Anneliese Michel (Setembro 21, 1952 – Julho 1, 1976) era uma jovem rapariga alemã que se acreditava estar possuída por um demónio e que subsequentemente foi submetida ao ritual do exorcismo. Anneliese nasceu no seio de uma família de classe média-baixa, profundamente católica, em Leiblfing, uma pequena cidade da Bavaria.
Por volta de 1968, Anneliese, depois de sofrer convulsões graves, foi diagnosticada como epiléptica, na Clínica de Psiquiatria de Würzburg. Enquanto permaneceu hospitalizada durante quase 2 anos, afirmava ver caras demóniacas durante as suas preces diárias. Quando Anneliese regressou à escola, no Outono de 1970, o cenário só piorou.
Em adição às imagens que a perturbavam no hospital, Anneliese começou a ouvir vozes. Proveniente de uma educação fortemente católica, e na falta de melhor explicação, Anneliese atribuiu a sua condição à possessão demóniaca. A sua frustração aumentou à medida que as intervenções médicas não lhe afectavam o seu problema principal. Apenas uma vez mencionou os seus "demónios" a um médico, mas as suas precupações não foram levadas a sério.
No verão de 1973, os seus pais começaram a inquirir vários "pastores" na possibilidade de algum concordar em proceder ao exorcismo da sua filha. Todos recusaram.
A "Infestatio" (prova de possessão) contém os requisitos essenciais que têm de estar preenchidos. Alguns desses elementos cruciais incluêm a aversão a objectos religiosos, falar em línguas que a pessoa nunca aprendeu e clara evidência de poderes sobrenaturais.

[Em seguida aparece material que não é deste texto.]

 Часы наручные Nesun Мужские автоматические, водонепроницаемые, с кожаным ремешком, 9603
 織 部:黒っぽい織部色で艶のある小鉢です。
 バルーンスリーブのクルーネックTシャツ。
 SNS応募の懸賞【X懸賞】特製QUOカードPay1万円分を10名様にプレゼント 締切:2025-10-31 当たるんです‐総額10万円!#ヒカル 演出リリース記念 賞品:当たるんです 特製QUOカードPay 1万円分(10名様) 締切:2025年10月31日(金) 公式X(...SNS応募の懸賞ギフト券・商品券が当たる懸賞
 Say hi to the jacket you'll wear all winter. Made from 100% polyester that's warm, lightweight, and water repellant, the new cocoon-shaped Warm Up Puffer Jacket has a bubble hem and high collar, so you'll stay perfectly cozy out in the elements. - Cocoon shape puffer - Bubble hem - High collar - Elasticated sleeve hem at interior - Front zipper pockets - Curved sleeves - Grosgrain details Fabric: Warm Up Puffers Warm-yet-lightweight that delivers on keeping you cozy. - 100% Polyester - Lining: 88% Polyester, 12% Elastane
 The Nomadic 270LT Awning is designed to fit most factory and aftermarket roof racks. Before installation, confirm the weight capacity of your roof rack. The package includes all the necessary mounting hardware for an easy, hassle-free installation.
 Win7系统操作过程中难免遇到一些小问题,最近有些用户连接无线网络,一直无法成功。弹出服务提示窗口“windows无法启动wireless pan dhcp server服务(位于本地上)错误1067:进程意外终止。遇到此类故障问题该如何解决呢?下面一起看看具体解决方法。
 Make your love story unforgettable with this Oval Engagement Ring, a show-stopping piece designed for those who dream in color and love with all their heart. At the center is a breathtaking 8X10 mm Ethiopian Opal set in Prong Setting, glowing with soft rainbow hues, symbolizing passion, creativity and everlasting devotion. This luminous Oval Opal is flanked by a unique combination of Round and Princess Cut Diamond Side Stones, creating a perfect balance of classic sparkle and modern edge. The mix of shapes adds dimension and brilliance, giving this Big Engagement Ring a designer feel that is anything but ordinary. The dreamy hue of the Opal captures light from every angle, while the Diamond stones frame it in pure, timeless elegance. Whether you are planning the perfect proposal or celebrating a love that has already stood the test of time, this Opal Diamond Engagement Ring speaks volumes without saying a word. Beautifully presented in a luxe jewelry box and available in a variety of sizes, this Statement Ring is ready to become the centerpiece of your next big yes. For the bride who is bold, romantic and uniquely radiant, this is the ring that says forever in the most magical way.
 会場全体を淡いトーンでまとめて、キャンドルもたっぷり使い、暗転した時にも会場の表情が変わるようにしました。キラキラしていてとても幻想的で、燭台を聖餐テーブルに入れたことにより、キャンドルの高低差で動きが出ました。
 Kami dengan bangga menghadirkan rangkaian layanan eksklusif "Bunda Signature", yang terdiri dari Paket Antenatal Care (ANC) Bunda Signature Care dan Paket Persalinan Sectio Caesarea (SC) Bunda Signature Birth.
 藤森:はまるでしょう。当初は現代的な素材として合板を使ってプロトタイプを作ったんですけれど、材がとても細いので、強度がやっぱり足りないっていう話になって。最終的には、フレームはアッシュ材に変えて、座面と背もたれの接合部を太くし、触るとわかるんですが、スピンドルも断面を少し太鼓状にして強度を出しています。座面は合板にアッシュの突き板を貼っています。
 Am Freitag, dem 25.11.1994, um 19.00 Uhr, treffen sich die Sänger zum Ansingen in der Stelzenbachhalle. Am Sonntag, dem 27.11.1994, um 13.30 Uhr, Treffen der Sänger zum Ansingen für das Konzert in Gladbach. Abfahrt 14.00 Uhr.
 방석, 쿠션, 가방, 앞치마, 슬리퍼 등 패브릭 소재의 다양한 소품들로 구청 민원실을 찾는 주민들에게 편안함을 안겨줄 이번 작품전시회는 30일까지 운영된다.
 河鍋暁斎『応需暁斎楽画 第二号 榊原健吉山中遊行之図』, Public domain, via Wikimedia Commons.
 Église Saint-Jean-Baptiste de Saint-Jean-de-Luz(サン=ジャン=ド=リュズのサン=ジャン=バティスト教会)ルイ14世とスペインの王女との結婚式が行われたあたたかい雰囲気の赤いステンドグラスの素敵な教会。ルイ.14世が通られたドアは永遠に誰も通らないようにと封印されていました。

Foi em 1975, que o Bispo de Würzburg, Josef Stangl, autorizou a aplicação do ritual do exorcismo à jovem Anneliese. Nesta altura, Anneliese já demonstrava os seguinte comportamentos:
- insultava, batia e mordia os membros da família
- recusava alimentar-se normalmente (dizia que os demónios não a deixavam)
- comia aranhas, moscas, carvão e a bebia a sua própria urina
- destruição de crucifixos, quadros que retratassem Jesus, e rosários
- rasgava a própria roupa e urinava no chão
- tinha actos de auto-mutilação
O exorcismo, conhecido como o "Rituale Romanum", foi entregue ao Padre Arnold Renz e ao Pastor Ernst Alt. No decorrer destas sessões, quase todas gravadas em cassete, Anneliese apresentou 6 diferentes demónios que a possuíam, incluindo o próprio Santanás, Judas Iscariotes, Nero e Adolf Hitler.
Nos 7-8 meses seguintes, eles realizavam 1 a 2 sessões por semana. Com o passar do tempo Anneliese destruíu os seus joelhos através de obsessivas genuflexões, adoeçeu, apanhou pneumonia e acabou por morrer à fome e desidratada. À data da morte, Anneliese pesava apenas 31 quilos.
No caso conhecido como "Caso Klingenberg", os pais de Anneliese e os exorcistas foram acusados de homicídio negligente. A defesa passou as cassetes das diferentes sessões do exorcismo, em tribunal, muitas vezes com discussões entre demónios, para provar que Anneliese estava efectivamente possuída.
A acusação rispostou com o argumento da "Doctrinaire Induction", afirmando que os padres deram a Anneliese o conteúdo dos seus ataques psicóticos. Aliado ao cinismo que envolve uma actual possessão demoníaca, esteve o reconhecimento de que o país tinha sido atirado para um pânico paranormal com o lançamento do filme "O Exorcista", dois anos antes. A possibilidade de tal influenciar e afectar a percepção da realidade de doentes mentais estava bem documentada.
Por fim os arguidos foram considerados culpados de homicídio negligente e foram condenados a 6 meses de prisão - uma pena muito mais leve do que se esperava. Mais tarde, e apesar da Igreja ter sancionado o ritual, uma Comissão da Conferência de Bispos Alemães, declarou que Anneliese Michel não estava possuída.